SOURCE RECORDS START
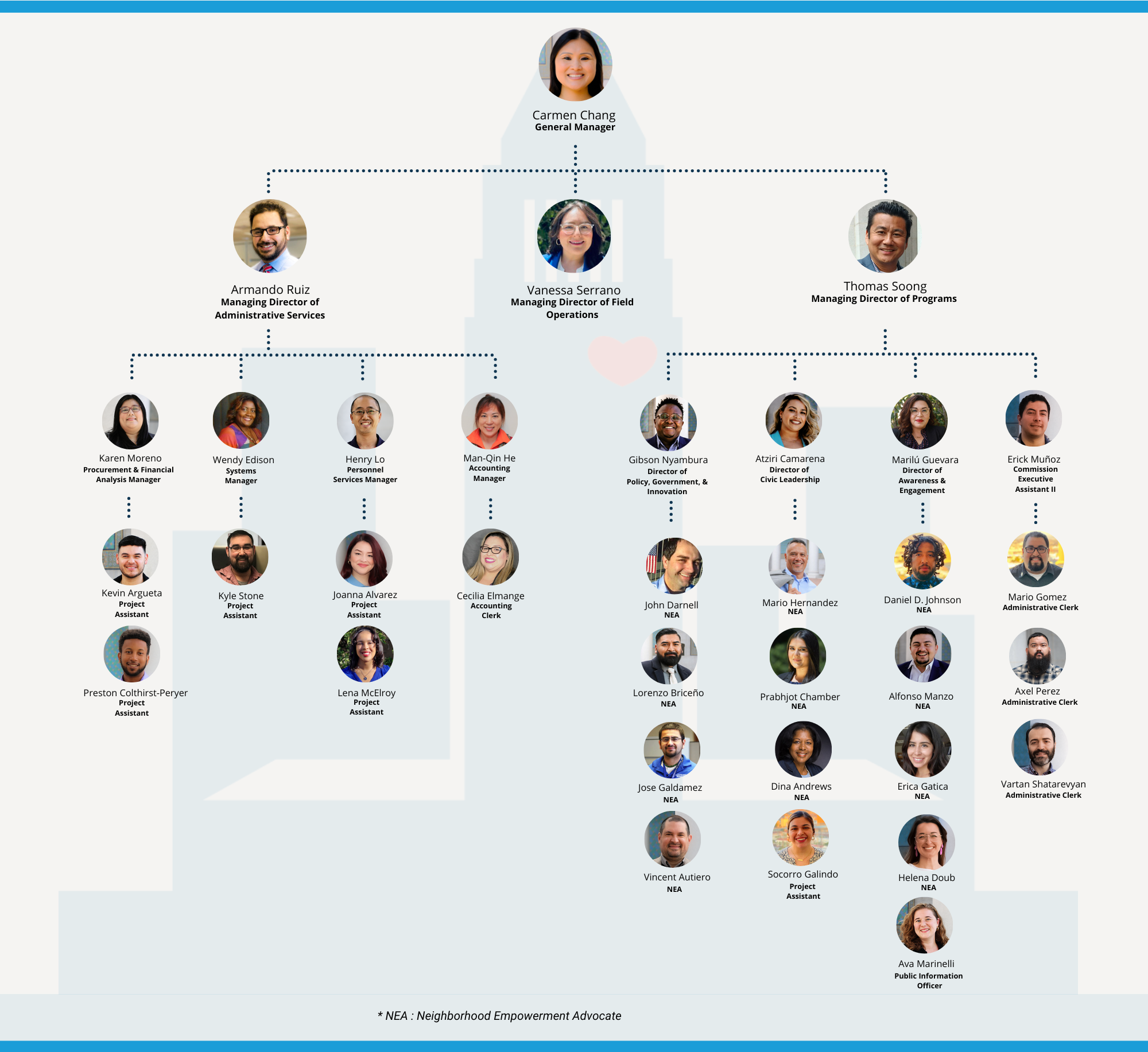 Erica Gatica Doughty (she/her) is a Neighborhood Empowerment Advocate with EmpowerLA. In her role, she supports Neighborhood Council Boards with capacity building, training, and organizing skills that empower board members and engage the community. Currently, she supports the Bel Air-Beverly Crest, Del Rey, Empowerment Congress North, Empowerment Congress Southwest, Greater Toluca Lake, North Westwood, Westchester-Playa and Westwood Neighborhood Councils. Additionally, Erica leads EmpowerLA’s annual Youth Conference and provides vital support to the annual Congress of Neighborhoods. She also leads the EmpowerLA Awareness & Engagement Work Group.
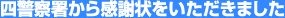 当社は「警察業務に積極的に協力を寄せ、警察業務に貢献した」との理由から、平成18年警察署感謝状贈呈式で、中川、中村、中、港の各警察署から感謝状をいただきました。
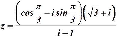2) Деление. При делении двух комплексных чисел, заданных в тригонометрической форме, их модули делятся, а аргументы вычитаются, то есть:
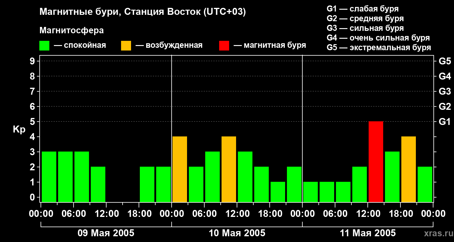Магнитные бури локации Станция Восток — 11 мая 2005 года
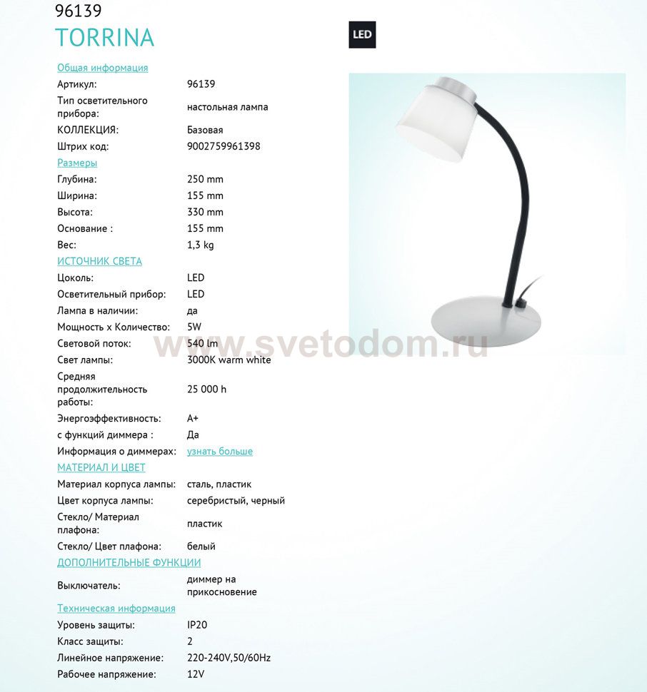 Светодиодный наст. лампа TORRINA с рег-кой и сенс. димм., 5W(LED), L250, H330, сталь, пластик, черн., серебр./пластик, бел. применяется преимущественно в домашнем освещении с использованием стандартных выключателей и переключателей для сетей 220V.
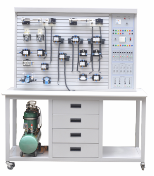 产品详述: 主要特点 1、气动PLC控制实训装置主要由实训桌及实训台、气动元件和电气控制器件、可编程控制器(PLC)等组件组成。 2、配备工业用常用气动元件,且均配有过渡底板(塑料底板6.5*8cm),可方便
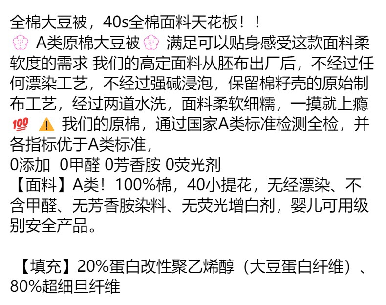 베이비 클래스 A 면 대두 섬유 봄 가을 이불 사계절 세탁 이불 코어 더블 겨울 이불 에어컨 이불 여름 시원한 이불
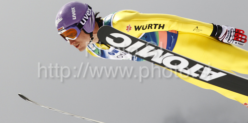 : Martin Schmitt of Germany soars through the air during his ski jump of team event of FIS Ski flying World championships in Planica, Slovenia. Second day of FIS Ski flying World Championships was held on Sunday, 21st of March 2010, in Planica, Slovenia.
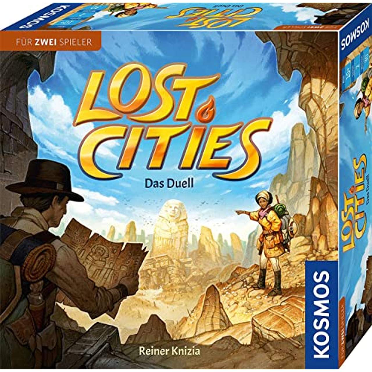 Kosmos Spiele 694135 Lost Cities„Lost Cities“ als Spiel für Zwei - bereits jetzt ein großer Verkaufserfolg in den USA.Die Spieler legen mit ihren Karten Expeditionsrouten, die sie in entlegene Winkel der Erde führen: Himalaya, Regenwald, Wüste, Vulkangebiet und unter Wasser. Ziel ist es, die Routen so zu legen, dass sie die Spieler zu möglichst viel Ruhm verhelfen.Wer besonders wagemutig ist, kann zusätzlich auf den Erfolg seiner Expedition wetten. Aber Vorsicht: Banditen und das gegnerische Team sorgen für überraschende Wendungen. Wer am Ende den meisten Ruhm erlangt, gewinnt.Für 2 Spieler ab 10 Jahren. Spieldauer: ca. 30 Minuten.
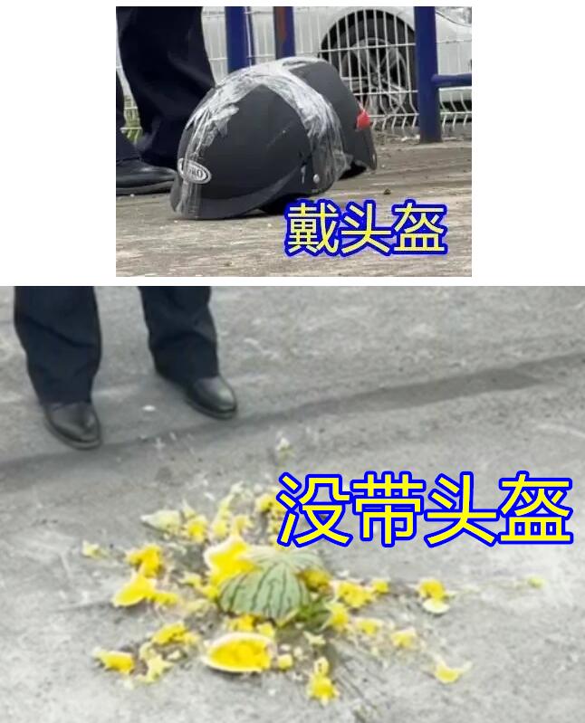 戴頭盔的西瓜幾乎沒有損傷;而沒帶頭盔的西瓜,受到了嚴重的傷害!民警介紹,電動車在行駛過程中平衡系數較低,且駕駛人員身體無遮擋,一旦發生交通事故,車輛容易側翻,駕乘人員的頭會首先著地,而頭部是人體最致命的部位。
SOURCE RECORDS END
## TASK REQUIREMENTS
Retype the entries exactly, skipping every picture.

## REPLY TO THE EXERCISE
 Erica Gatica Doughty (she/her) is a Neighborhood Empowerment Advocate with EmpowerLA. In her role, she supports Neighborhood Council Boards with capacity building, training, and organizing skills that empower board members and engage the community. Currently, she supports the Bel Air-Beverly Crest, Del Rey, Empowerment Congress North, Empowerment Congress Southwest, Greater Toluca Lake, North Westwood, Westchester-Playa and Westwood Neighborhood Councils. Additionally, Erica leads EmpowerLA’s annual Youth Conference and provides vital support to the annual Congress of Neighborhoods. She also leads the EmpowerLA Awareness & Engagement Work Group.
 当社は「警察業務に積極的に協力を寄せ、警察業務に貢献した」との理由から、平成18年警察署感謝状贈呈式で、中川、中村、中、港の各警察署から感謝状をいただきました。
2) Деление. При делении двух комплексных чисел, заданных в тригонометрической форме, их модули делятся, а аргументы вычитаются, то есть:
Магнитные бури локации Станция Восток — 11 мая 2005 года
 Светодиодный наст. лампа TORRINA с рег-кой и сенс. димм., 5W(LED), L250, H330, сталь, пластик, черн., серебр./пластик, бел. применяется преимущественно в домашнем освещении с использованием стандартных выключателей и переключателей для сетей 220V.
 产品详述: 主要特点 1、气动PLC控制实训装置主要由实训桌及实训台、气动元件和电气控制器件、可编程控制器(PLC)等组件组成。 2、配备工业用常用气动元件,且均配有过渡底板(塑料底板6.5*8cm),可方便
 베이비 클래스 A 면 대두 섬유 봄 가을 이불 사계절 세탁 이불 코어 더블 겨울 이불 에어컨 이불 여름 시원한 이불
 : Martin Schmitt of Germany soars through the air during his ski jump of team event of FIS Ski flying World championships in Planica, Slovenia. Second day of FIS Ski flying World Championships was held on Sunday, 21st of March 2010, in Planica, Slovenia.
 Kosmos Spiele 694135 Lost Cities„Lost Cities“ als Spiel für Zwei - bereits jetzt ein großer Verkaufserfolg in den USA.Die Spieler legen mit ihren Karten Expeditionsrouten, die sie in entlegene Winkel der Erde führen: Himalaya, Regenwald, Wüste, Vulkangebiet und unter Wasser. Ziel ist es, die Routen so zu legen, dass sie die Spieler zu möglichst viel Ruhm verhelfen.Wer besonders wagemutig ist, kann zusätzlich auf den Erfolg seiner Expedition wetten. Aber Vorsicht: Banditen und das gegnerische Team sorgen für überraschende Wendungen. Wer am Ende den meisten Ruhm erlangt, gewinnt.Für 2 Spieler ab 10 Jahren. Spieldauer: ca. 30 Minuten.
 戴頭盔的西瓜幾乎沒有損傷;而沒帶頭盔的西瓜,受到了嚴重的傷害!民警介紹,電動車在行駛過程中平衡系數較低,且駕駛人員身體無遮擋,一旦發生交通事故,車輛容易側翻,駕乘人員的頭會首先著地,而頭部是人體最致命的部位。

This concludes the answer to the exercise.